Sunday, September 13, 2009

Larger humanistic spaces and places

As I said last time I needed to read Yi-Fu Tuan's Space and Place, but I felt a book written in 1976 was not enough to inform of space/place theory: therefore, I also got Key Thinkers in Space and Place (KTSP), a 2004 review of the key researchers in the field. Both of these works were informative to my research. KTSP gave a nice overview of the field and the different approaches as well as a detail description of dozens of space and place thinkers. Space and Place though is a more theoretical and informative.
In reading KTSP I became grounded in humanistic geography as oppose to other approaches like Marxism/structuralism, feminist, race, or positivism. This is unusual for me since I readily identify with a neo-liberal structural approach. Yet, when one looks at landscapes it becomes obvious that humanism not structuralism plays the more important role. This is not to say I have given up my roots in structuralism because I will be comparing landscapes and looking for structures as I go. Outside of the theories overview I was introduced to several other researches I should cover. Ley and Jackson are leading humanistic geographers who are known for studying local communities. There work could be very helpful in my studies.

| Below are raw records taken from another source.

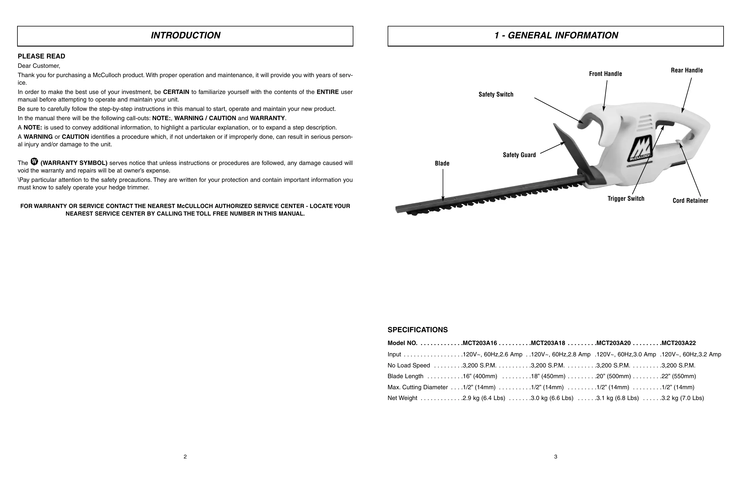 - PLEASE READ Dear Customer, Front Handle Thank you for purchasing a McCulloch product. With proper operation and maintenance, it will provide you with years of service. In order to make the best use of your investment, be CERTAIN to familiarize yourself with the contents of the ENTIRE user manual before attempting to operate and maintain your unit. Rear Handle Safety Switch Be sure to carefully follow the step-by-step instructions in this manual to start, operate and maintain your new product. In the manual there will be the following call-outs: NOTE:, WARNING / CAUTION and WARRANTY. A NOTE: is used to convey additional information, to highlight a particular explanation, or to expand a step description. A WARNING or CAUTION identifies a procedure which, if not undertaken or if improperly done, can result in serious personal injury and/or damage to the unit. Safety Guard (WARRANTY SYMBOL) serves notice that unless instructions or procedures are followed, any damage caused will The void the warranty and repairs will be at owner’s expense. Blade \Pay particular attention to the safety precautions. They are written for your protection and contain important information you must know to safely operate your hedge trimmer. Trigger Switch Cord Retainer FOR WARRANTY OR SERVICE CONTACT THE NEAREST McCULLOCH AUTHORIZED SERVICE CENTER - LOCATE YOUR NEAREST SERVICE CENTER BY CALLING THE TOLL FREE NUMBER IN THIS MANUAL. SPECIFICATIONS Model NO MCT203A16 MCT203A18 MCT203A20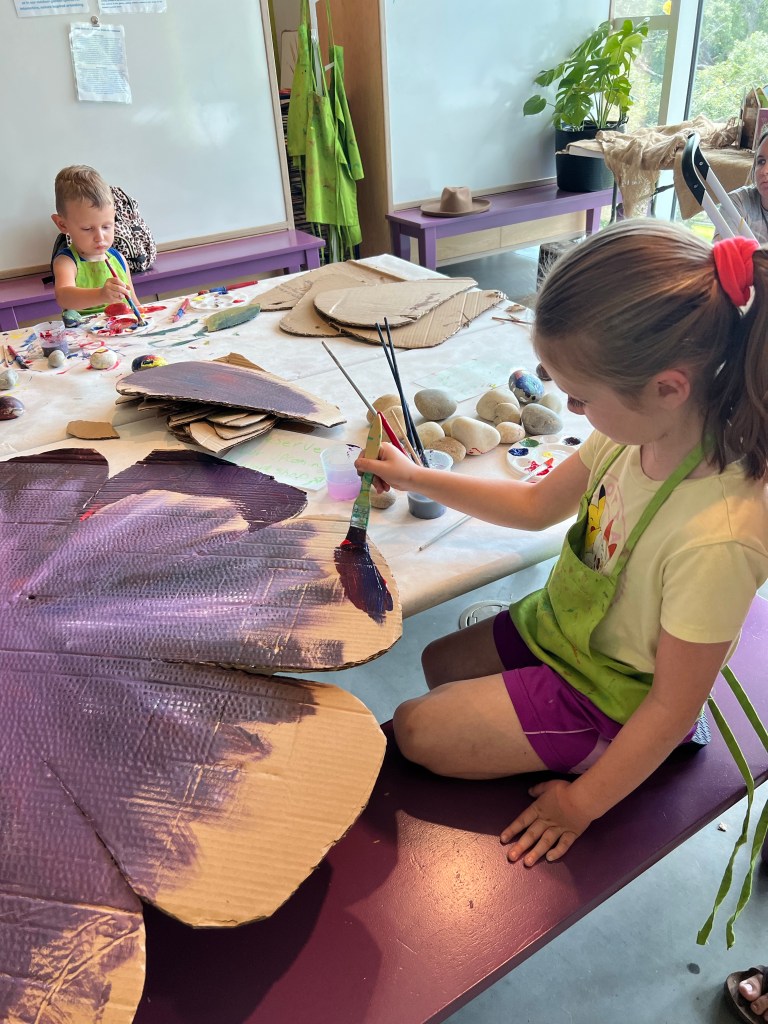 Her artist facilitation hours are scheduled for Wednesdays and Thursdays from 10:00- noon. She’ll spend the duration of Saturday’s curating the work created by children and creating new pieces to be collaboratively developed in subsequent sessions.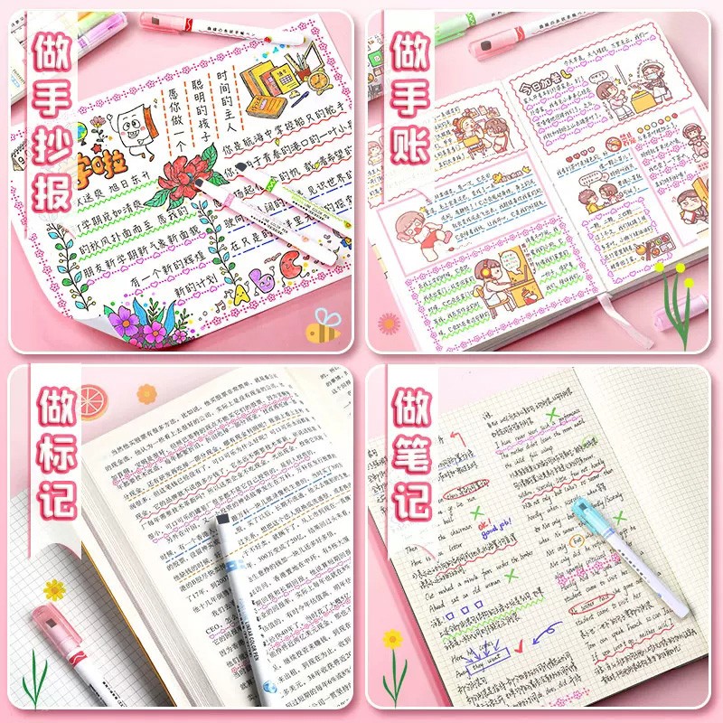 三年二班护眼荧光笔高颜值荧光标记笔学生用多色记号笔彩色划重点手帐手账笔做笔记本马卡龙淡色萤光笔银光笔

Yi-Fu Tuan may have written the book on space and place theory, but he was influenced by J B Jackson and his this book really connects space place theory to landscape theory. The three chapters Intimate Experience of Place, Attachment to Homelands and Visibility: the Creation of Space address how people create place, then experience it making landscapes. I see space as any undefined area, (those buildings over there) place is a defined area (San Francisco) Landscape as an expression of a culture (China Town). Nature and people can build in space defining it as a place, but it is not until people experience and interact in a place that it begins to take on a landscape.
It is during this transformation from place to landscape that culture and communities are born. This transformation is a conflict between the place and the culture inhabiting it. If place becomes dominate the landscape maybe seen as conservative or even stagnate as the people have given up the transformation process. On the other hand if the people continue to change and transform an area we may see a vibrate exciting landscape.